→ ACTIVITY:
Restate the data word for word and leave the images out.

→ GIVEN DATA:

·····

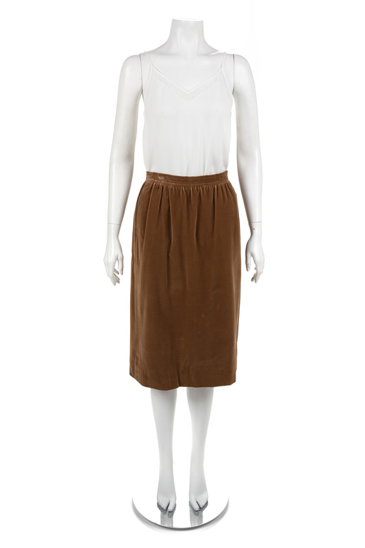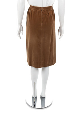 The Ungaro straight skirt is made of velvet with hidden side seam pockets, a narrow waistband, and back zip closure.
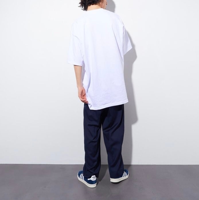 重量感のある目の詰まった生地で、首元は伸びにくいダブルステッチで狭めなクルーネックが特徴。
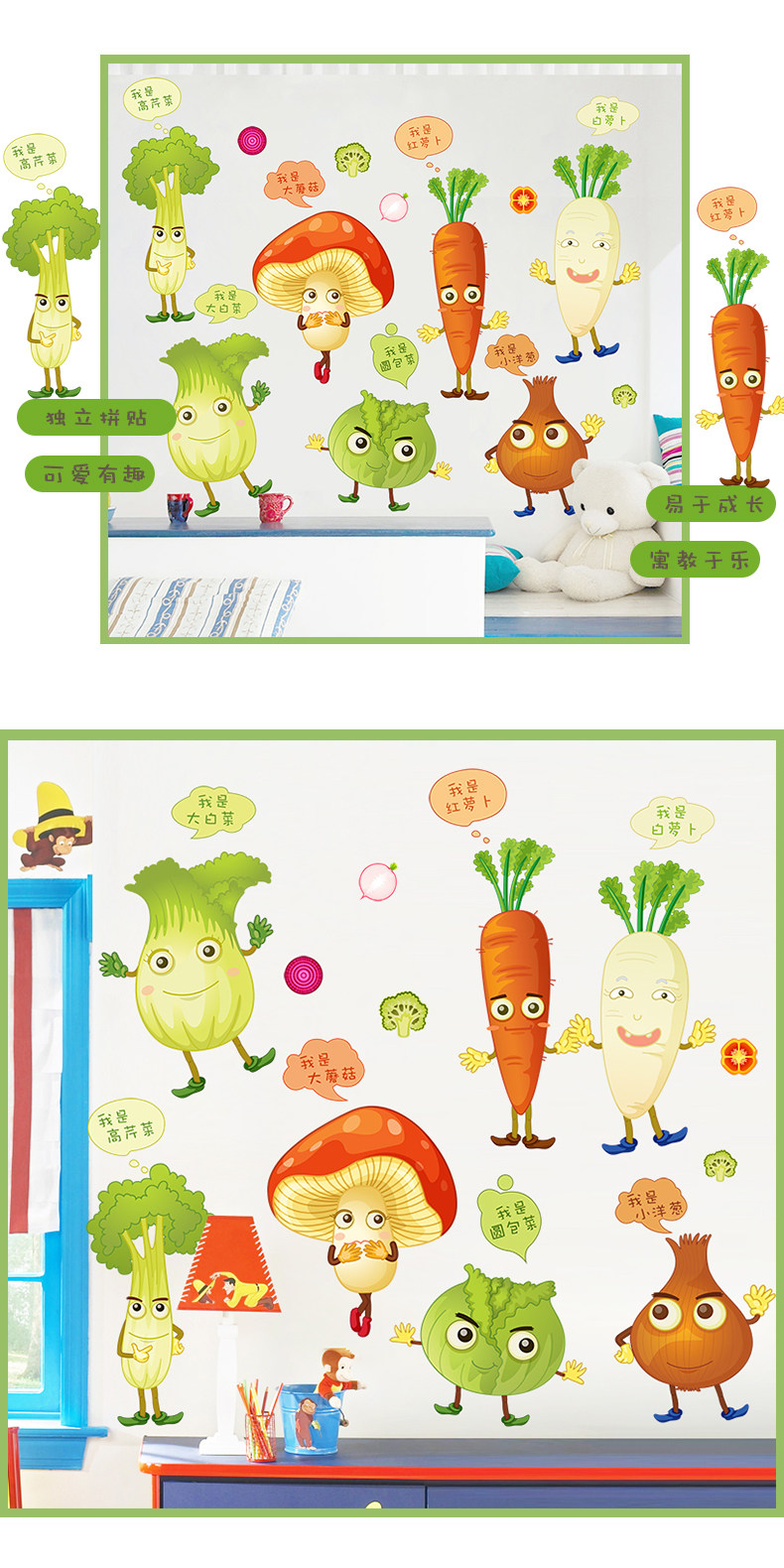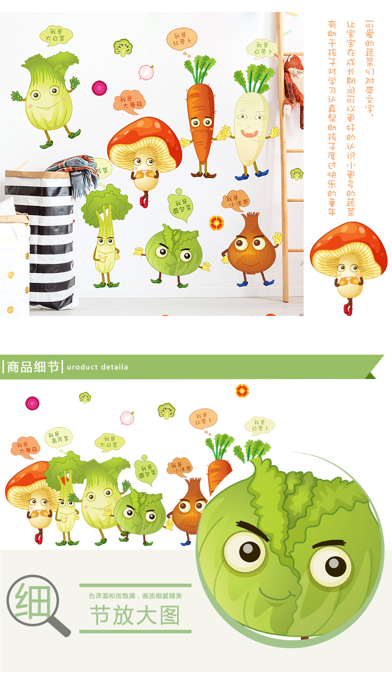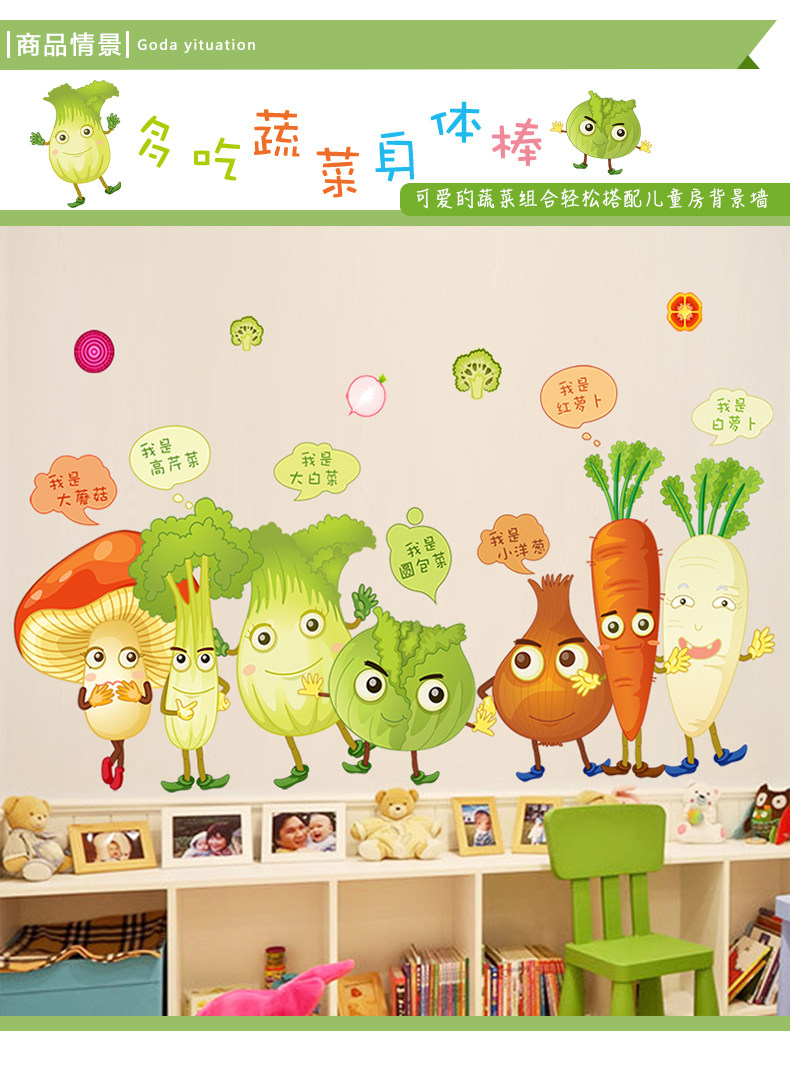 卡通可爱蔬菜墙贴画儿童房间幼儿园宿舍背景墙壁贴纸墙纸自粘贴画

·····

→ WRITTEN SOLUTION:
 The Ungaro straight skirt is made of velvet with hidden side seam pockets, a narrow waistband, and back zip closure.
 重量感のある目の詰まった生地で、首元は伸びにくいダブルステッチで狭めなクルーネックが特徴。
 卡通可爱蔬菜墙贴画儿童房间幼儿园宿舍背景墙壁贴纸墙纸自粘贴画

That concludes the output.